3 Things About This Book
| A Magical World with Four Londons | Near-Extinct Race of Blood Magic Users | Sadly Underwhelming Execution |
A Darker Shade of Magic by V.E. Schwab
Series: Shades of Magic, #1
Published: 2015 by Titan Books
Genre(s): Young Adult, Fantasy
I’ve put off reading A Darker Shade of Magic (henceforth ADSoM) for 8 years in fear that the huge hype around it back then would’ve raised my expectations too much, and I’m so glad I did because this? This book would’ve been more accurately named as a darker shade of yawn.

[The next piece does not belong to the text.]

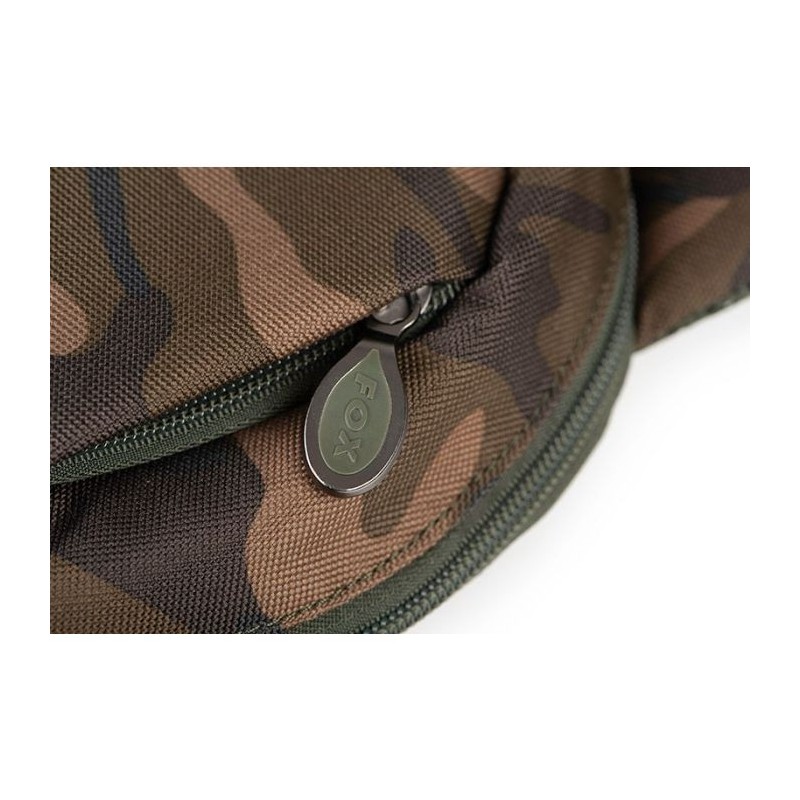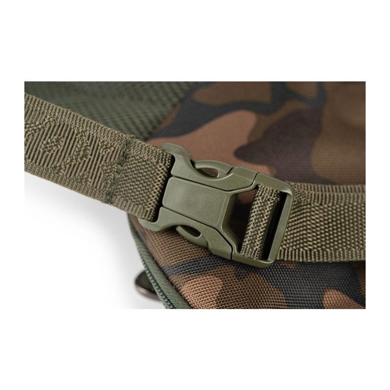 Fox Camolite Shoulder Wallet este un hibrid multifunctional, intre un rucsac de umar si un portofel de dimensiuni mai mari, confectionat din polyester 500D rezistent la murdarie si uzura. Este proiectat astfel incat sa poata pastra in deplina siguranta lucrurile de valoare (telefon, bani, portofel etc.) dar si alte accesorii de pescuit. Poate stoca inclusiv portofelul Fox License Wallets sau permisul de pescuit.

But before I go into why this book didn’t work for me, I want to touch upon the aspects where I can see why many adore this book: an inclusive and diverse cast of characters, plus an incredibly intriguing setting and alright writing. There are four Londons in the ADSoM world and as Kell is one of the last magicians who can travel between them, he becomes a messenger for the ruling royals. This is already enough to win interest so add in a non-binary prince who the protagonist has a good brotherly relationship with and a tough female character? That’s a complete win!

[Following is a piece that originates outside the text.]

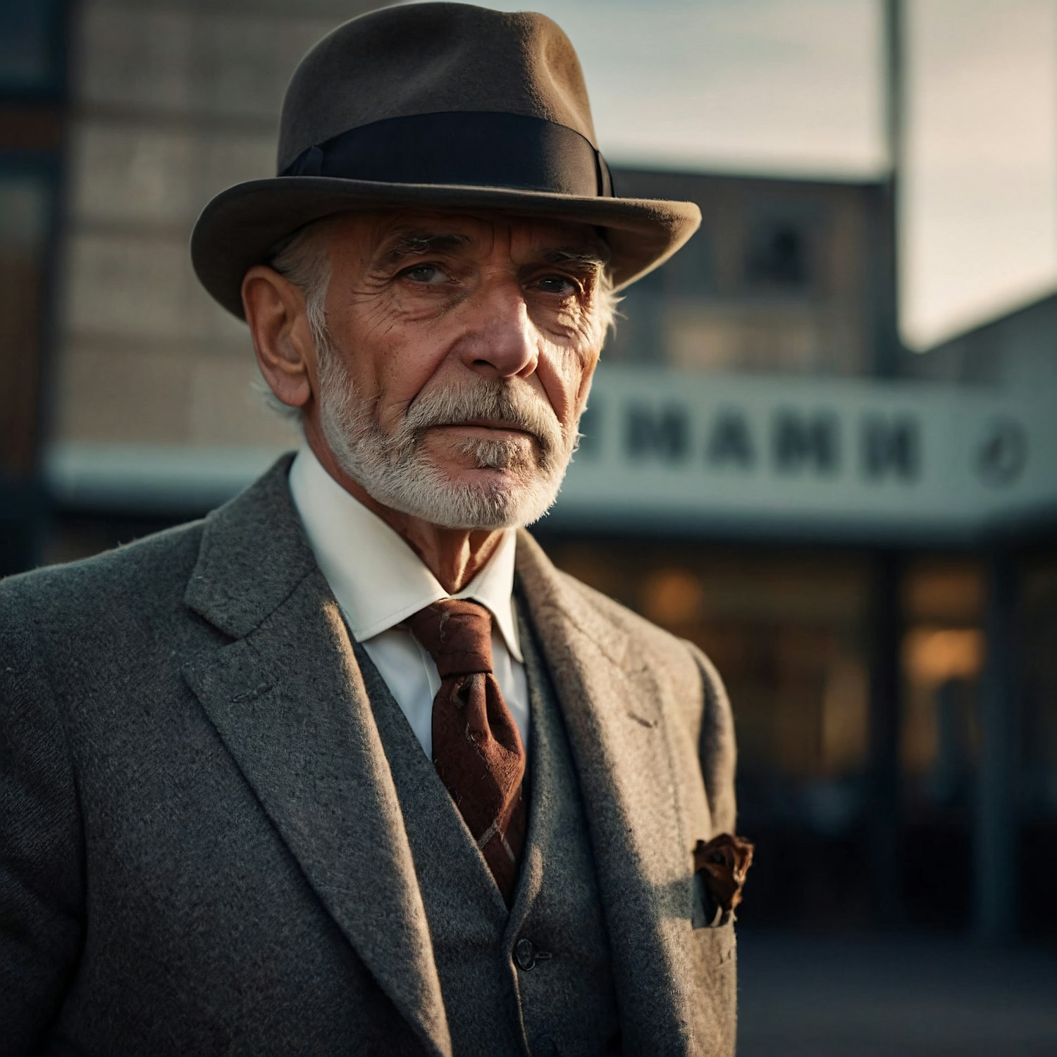 Elderly man in a gray suit and fedora, exuding timeless elegance with a serious expression in an urban setting.

Unfortunately, despite the above, the execution of the story brought everything down. First off, the characters are completely one-dimensional. Kell was alright but ultimately, boring. Holland and Prince Rhy were interesting but relegated to side character status. The royal twins were psychotic but worthy antagonists. Lila — as much as I wanted to like her because I like unapologetic, vicious and morally dubious/grey characters — disgusted me when she wanted Kell’s double strip without his consent. She’s also very obviously your classic Not Like Other Girls love interest which just made her a double no for me. That aside, neither Kell nor Lila, as the narrators of the story, grew as the story progressed, making them far from the complex, three-dimensional characters I’d hoped for.
Although the writing isn’t bad, the numerous little details dragged the story. I had trouble keeping my attention on the text, especially when so many pages were just chunks, chunks and more chunks without dialogue to break the monotony. It also didn’t help that there was only one plot—which sure, could stand on its own, but was also very boring due to the ‘time’ in between each plot point just so the overall thing made sense logistically. Like, okay, all that drama over a magic stone because power-hungry twins wanted more is fine, but where are the subplots? You know, the ones that would breathe more life into the complicated politics between the Londons?? Nevertheless, I greatly appreciate the brotherhood aspect and the practically non-existent romance.
ADSoM is, in a nutshell, underwhelming. There’s so much potential to it so having an almost 400-page first book barely scratch the surface of that potential is a major letdown.